▶ **What to do**
Look below for the line with "A large brick" and the line with "Dalam foto itu". Copy exactly those two lines and every line between, but not the pictures.

▶ **Data for analysis**

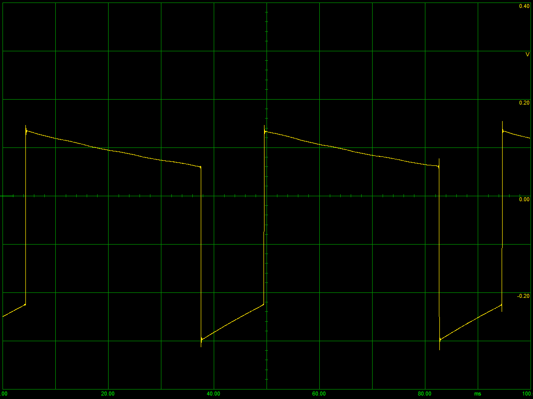 Zmierzyłem dwoma sposobami działanie impulsatora. Na wyjściu umieściłem diodę LED i zakręciłem równomiernie silnikiem krokowym. Dostałem równomierne miganie diody. Drugi sposób to zdjęcie przebiegu oscyloskopem. Jako, że oscyloskopu nie mam to posłużyłem się wersją testową programu Zelscope. Program umożliwia zdejmowanie przebiegów na wejściu karty dźwiękowej.
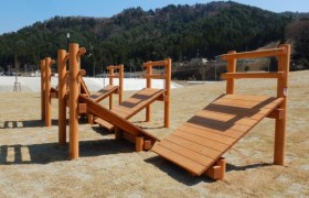 緩斜面を活かした木製アスレチック遊具を納入。大垣西公園(岐阜県)
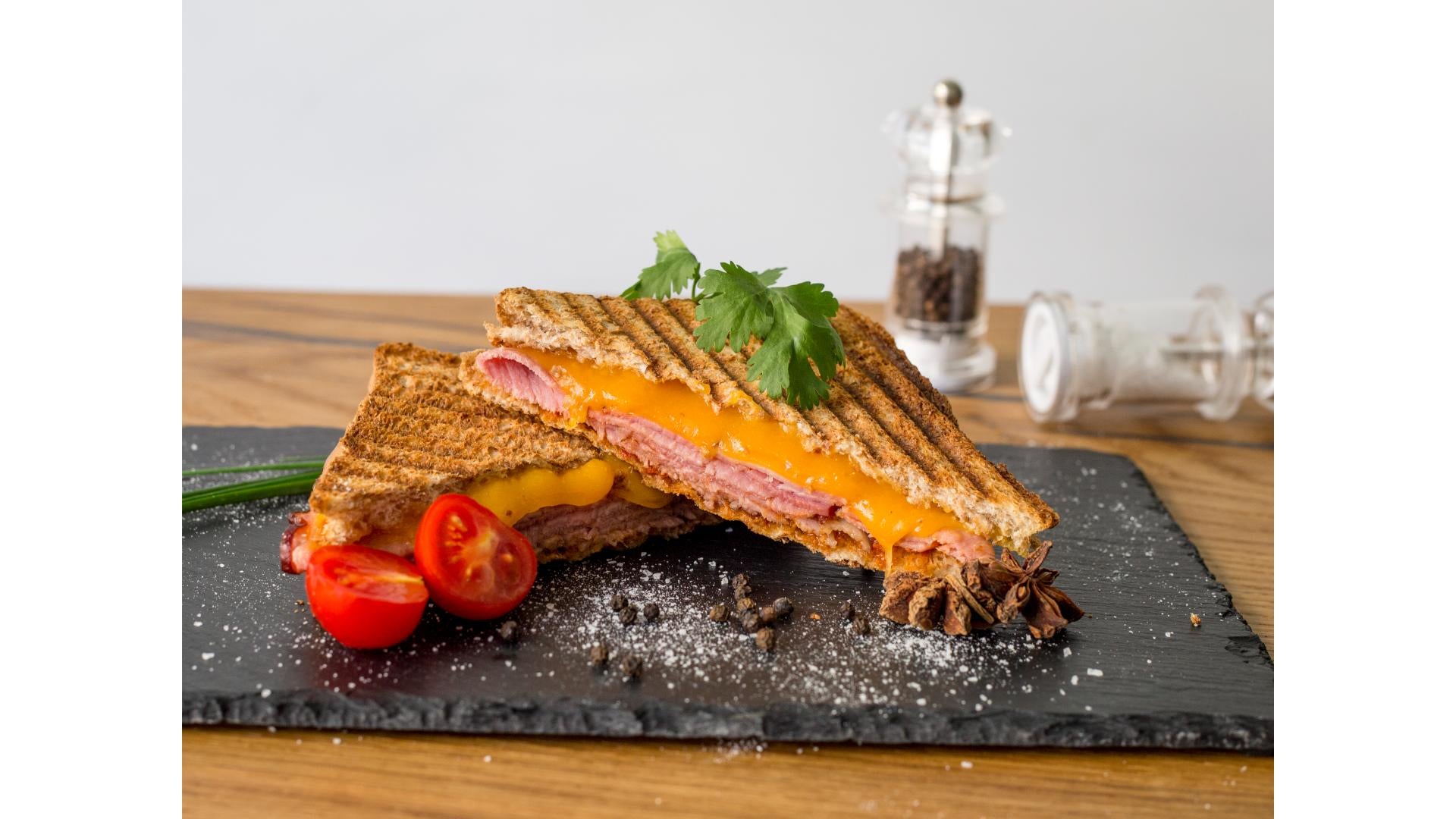 Prosciutto cotto rovagnati, frittata di uova amalgamato con pepe e formaggio, bacon croccante, provola di Agerola, rugola, salsa al pepe nero
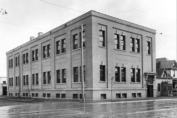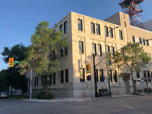 A large brick and stone building, at the southwest corner of Corydon and Daly Street (formerly John Street) in Winnipeg, was constructed in three phases.
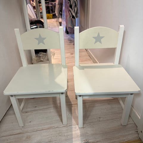 Leier ut barnestoler og tall i tre.Genialt til barnebursdag.
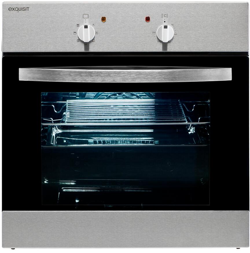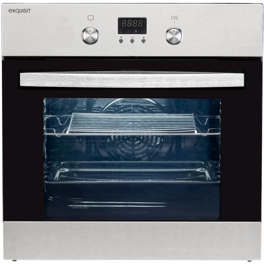 Exquisit EBE65-1H EEK: A Elektro-Einbaubackofen, 60 cm breit, 51 Liter, Heißluft, Grill, inox
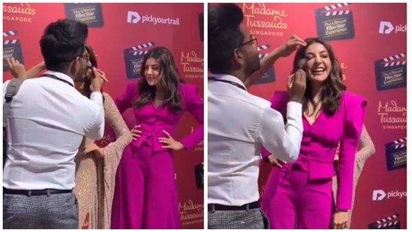 മെഴുകു പ്രതിമയെ മേക്കപ്പിടുന്ന മേക്കപ്പ് മാനെ തള്ളി മാറ്റി പകരം കാജല് മുന്നില് കയറി നില്ക്കുന്നതാണ് കാണിക്കുന്നത്.
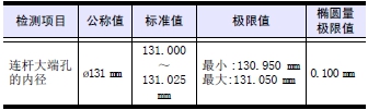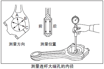 測量大端孔內(nèi)徑時(shí),分別按照圖示A、B、C 方向,測量前后2 處。將A、B、C 的最大值減去最小值為橢圓量。超過極限值時(shí)更換新品。
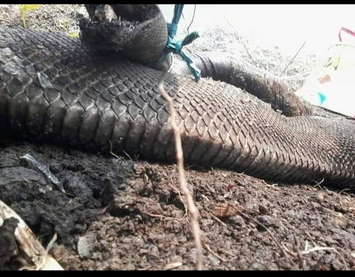 Dalam foto itu tampak seekor ular piton berukuran besar mati mengenaskan. Sekujur kulitnya menghitam, hangus karena terbakar.
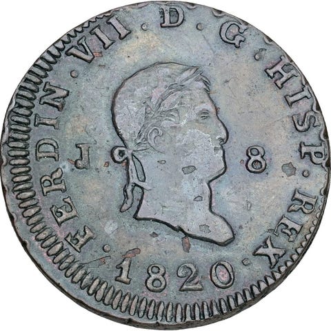 Mønt præget i Mexico-myntværket med F·M-sættere, svarende til de tidlige år af kongeriget Carlos IV. Forsiden viser det laurbærkransede portræt af monarken, der ser mod højre, med draperet bryst og rustning, omgivet af den kongelige inskription. Bagsiden viser det kronede spanske skjold, inddelt i Castilla, León, Granada og de bourbon-lisfleur i det centrale escusón, flankeret af Herculessøjlerne med deres respektive inskriptioner, alt omgivet af en cirkulær
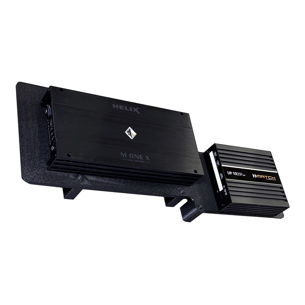 I denne lydoppgraderingen har vi tatt integrasjon av produkter til et nytt nivå. Det medfølger dedikert monteringsplate for Match DSP-forsterkeren og HELIX bassforsterker, for ryddig og pen installasjon sammen med bilens originale forsterker. Kabelsett mellom ny og original forsterker er unikt og spesielt utviklet av oss for å passe nøyaktig ønsket formål. HELIX IQ W10 DVC2 har en lekker, heldekkende grill som beskytter basshøyttaleren optimalt, og lar deg beholde funksjon i ledig oppbevaringsplass i sideluken selv etter at basskassen er montert.

▶ **Written reply**
 A large brick and stone building, at the southwest corner of Corydon and Daly Street (formerly John Street) in Winnipeg, was constructed in three phases.
 Leier ut barnestoler og tall i tre.Genialt til barnebursdag.
 Exquisit EBE65-1H EEK: A Elektro-Einbaubackofen, 60 cm breit, 51 Liter, Heißluft, Grill, inox
 മെഴുകു പ്രതിമയെ മേക്കപ്പിടുന്ന മേക്കപ്പ് മാനെ തള്ളി മാറ്റി പകരം കാജല് മുന്നില് കയറി നില്ക്കുന്നതാണ് കാണിക്കുന്നത്.
 測量大端孔內(nèi)徑時(shí),分別按照圖示A、B、C 方向,測量前后2 處。將A、B、C 的最大值減去最小值為橢圓量。超過極限值時(shí)更換新品。
 Dalam foto itu tampak seekor ular piton berukuran besar mati mengenaskan. Sekujur kulitnya menghitam, hangus karena terbakar.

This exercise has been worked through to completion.